What Apple Will Argue

Apple’s defense is predictable: app moderation is essential. The App Store isn’t a public utility; it’s Apple’s private property. Apple gets to decide what runs on its platform, just like a newspaper gets to decide what gets published. Content moderation is hard, and sometimes developers get caught in the crossfire. That’s unfortunate but necessary.

Apple will also argue that Rave had recourse. The app review process exists. Rave could have appealed. If they felt wronged, they could have sued (which, to be fair, they’re doing now). The fact that Rave didn’t get their preferred outcome doesn’t mean the process was unfair.

This argument has some merit, but it’s weakening. The EU is already rejecting it, and US courts are increasingly skeptical of “it’s our platform, we make the rules” defenses when one company has near-total market control. There’s a difference between editorial discretion and monopolistic gatekeeping. Apple is struggling to explain why their case is the former.

The Bigger Picture: Whose Platform Is This?

Here’s what keeps me up at night about this: we’ve built an entire digital economy on top of platforms that we don’t actually own. Millions of developers, creators, and small businesses depend on the App Store, Google Play, the web, social platforms—infrastructure they have zero control over.

That worked fine when these platforms were genuinely open or when they competed with each other. But as they’ve consolidated, as they’ve become essential infrastructure, the power dynamic has flipped.
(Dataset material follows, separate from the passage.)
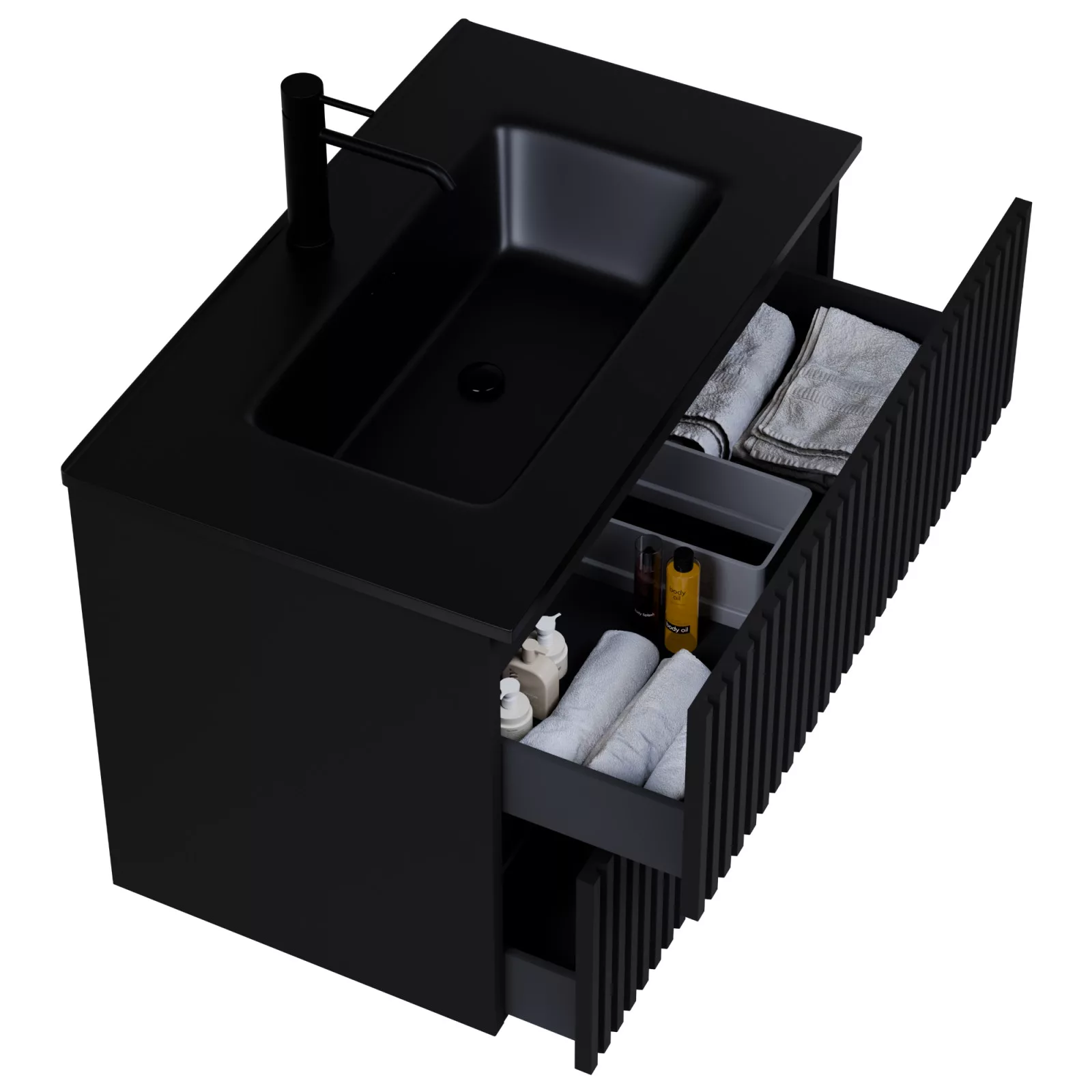 • matt fekete mosdószekrény, teljes kihúzhatóságú fiókokkal

Now Apple doesn’t need developers; developers need Apple. And when you have that kind of asymmetry, abuse becomes inevitable.

Rave’s lawsuit is really asking: at what point does a platform become a utility? At what point does owning the infrastructure give you obligations, not just rights? Those are philosophical questions with legal consequences.

What Happens Next

If Rave’s case survives a motion to dismiss—a big if—we’re looking at discovery that could be devastating for Apple. We’d see internal emails about competitive decisions, moderation standards, and how Apple prioritizes its own services. We’d get clarity on whether Rave was removed for legitimate moderation reasons or competitive ones.
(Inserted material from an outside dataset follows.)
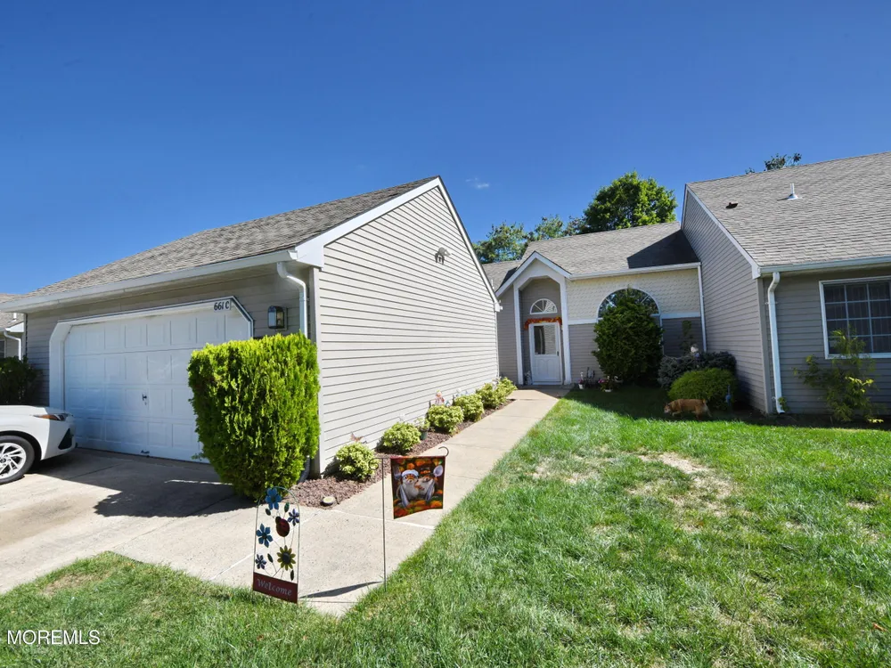 Newest Section of Clearbrook- Lowest Maintenance Fee & Parklike Surroundings! Contemporary ranch-style home offers 2 BR's & 2 BA's, including a master suite w a walk-in closet. Great room features soaring ceilings, palladium windows & an open layout perfect for living & dining. Fresh neutral paint (w/in last 2 yrs) & tasteful accent walls create a bright, airy feel throughout. Spacious eat-in kitchen w plenty of counter space, plus a family room w 2 sets of sliders leading to two private patios. 2-car garage & extra-wide driveway provide parking up to 4 cars. Monthly HOA covers lawn care, snow removal, exterior maint, water/sewer, pools, clubs, cultural center & clubhouse. This home's location & value won't last long-schedule your showing today!

Even if Rave loses, the lawsuit signals to other developers that fighting back is possible. More cases will follow. The regulatory pressure from the EU and US will continue. And slowly, Apple’s absolute control over iOS will erode.

The company will adapt. It always does. But the days of Apple making unilateral, unappealable decisions about what runs on iOS are numbered. Whether that’s good or bad depends on what replaces it—real competition and developer rights, or just a different kind of gatekeeping.

For now, Rave is swinging at a giant. But the giant is already wounded, and more challengers are lining up.